I would contend that what a young person knows, as opposed to what they can do, should matter to an employer. What’s more, I think it should matter to all of us. Here’s a definitional point for education from the Oxford that I was delighted to see: “an enlightening experience.”

A better world requires a better educated populace, especially women. For the human race to progress (perhaps survive), more people need to understand the lessons of history. More people have to know how to think rationally, act responsibly, and honour compassion, courage and commitment. None of that necessarily comes with job training for a data analyst or mobile programmer.

And maybe, if the range of jobs available out there is narrowing to ever more specific, high technical-skills work, applicable to an ever more narrow set of industries, then that set of industries should be taking on a greater role in instituting the needed training regimes. Maybe as an addendum to what can be more properly termed ‘an education.’

I’m sure that Friedman and his conference colleagues would not disagree with the value of an education that stresses knowledge, not skills. And yes, universities have become too elitist and expensive everywhere, especially in America. But my daughter attends Quest University in Squamish, British Columbia, where, in addition to studying mathematics and biology, she is obliged to take courses in Rhetoric, Democracy and Justice, and Global Perspectives.

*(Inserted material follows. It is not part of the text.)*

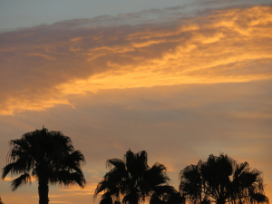 October 30, 2011 (Boulevard) -- At 6:20 am I walked into the sun. Tormented by drama in my mind, it took a while to sink in. It was a cool morning, about 64 degrees. I was walking up a sweat. And then I saw. I saw the beginnings of color of the sunrise. The clouds were gently dancing across the sky that was bluing before my eyes. The underside of the clouds became tinged with yellow with the shining of the sun.

Not exactly the stuff that is likely to land her a job in Silicon Valley, you might say, and I would have to reluctantly agree. But then I would again argue that it should better qualify her for that job. Certainly those courses will make her a better citizen, something the world is in dire need of, but I would also argue that a degree in “Liberal Arts and Sciences” does in fact better qualify her for that job, because those courses will teach her how to better formulate an argument, better understand the empowerment (and therefore the greater job satisfaction) that comes with the democratic process, and better appreciate the global implications of practically all we do workwise these days.

Damn tootin’ that education in liberal arts and sciences better qualifies her for that job in Silicon Valley. That and every other job out there.